Sixty-eight per cent said that they have “considered giving up and leaving Metro Vancouver,” but that does not seem to translate into action.

In fact, most millennials surveyed believe they’ll be able to buy a home within a decade. The majority said they expect to buy within five (28 per cent) or 10 years (35 per cent), while just 13 per cent said they never expect to own a home.

These results grate somewhat against the findings that 93 per cent of respondents said homeownership in the city is unaffordable, with 66 per cent saying it is also unaffordable to rent in Metro Vancouver.

In fact, nearly a third of respondents have found a way to afford home ownership, as 30 per cent of them said they own their home. Just over a third (35 per cent) are currently renting and another 35 per cent are still living with family.


Read BCREA's recent study that says young people fleeing Metro Vancouver is a "myth"


Vancity also found the proportion of respondents who own their home versus renting or living with family varies widely when responses were divided into older and younger age categories.

More than 40 per cent of 25- to 35-year-olds said they own their home, compared with 36 per cent of that older age group renting and 23 per cent still living at home.
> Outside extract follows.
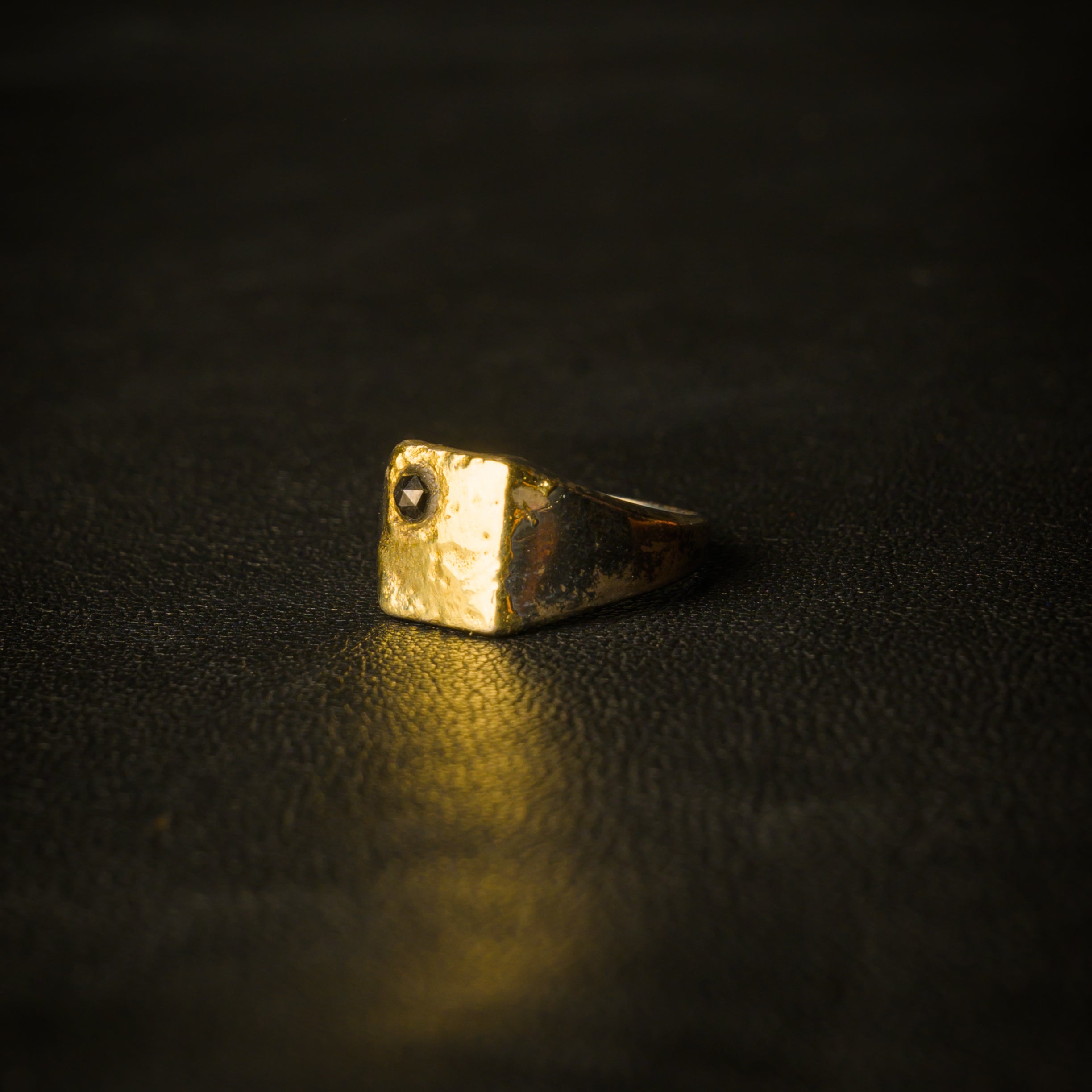 The "Aurora" Mini ring is meticulously handcrafted from 925 sterling silver, featuring an 18k gold front and a bold black diamond. Each ring is made to order by artisans in the South of France, offering a unique and elegant design.

This contrasts with 61 per cent of respondents between 18 and 24 who said they are still living at home, while less than eight per cent of the younger age group are home owners.

Aside from living with family, other trade-offs for affording Vancouver life were cited as:

  • spending less or eating out less (54 per cent);
  • living in a smaller home (47 per cent); and
  • delaying purchase of a home (41 per cent).

The report is part of the launch of a new Vancity campaign called Don’t Give Up, which launches this week and aims to offer millennials advice to help them afford life in Vancouver. The campaign webpage vancity.com/dontgiveup contains a blog containing tips, tricks and “lifestyle hacks” and is using the social hashtag #dontgiveup.

William Azaroff, Vancity’s vice-president of community investment, said of the report and the campaign, “We don’t want millennials to give up. Clearly, they don’t want to give up either. That’s why we’re looking for ways to amplify millennial voices in hopes of bringing all the right people and organizations to the table.”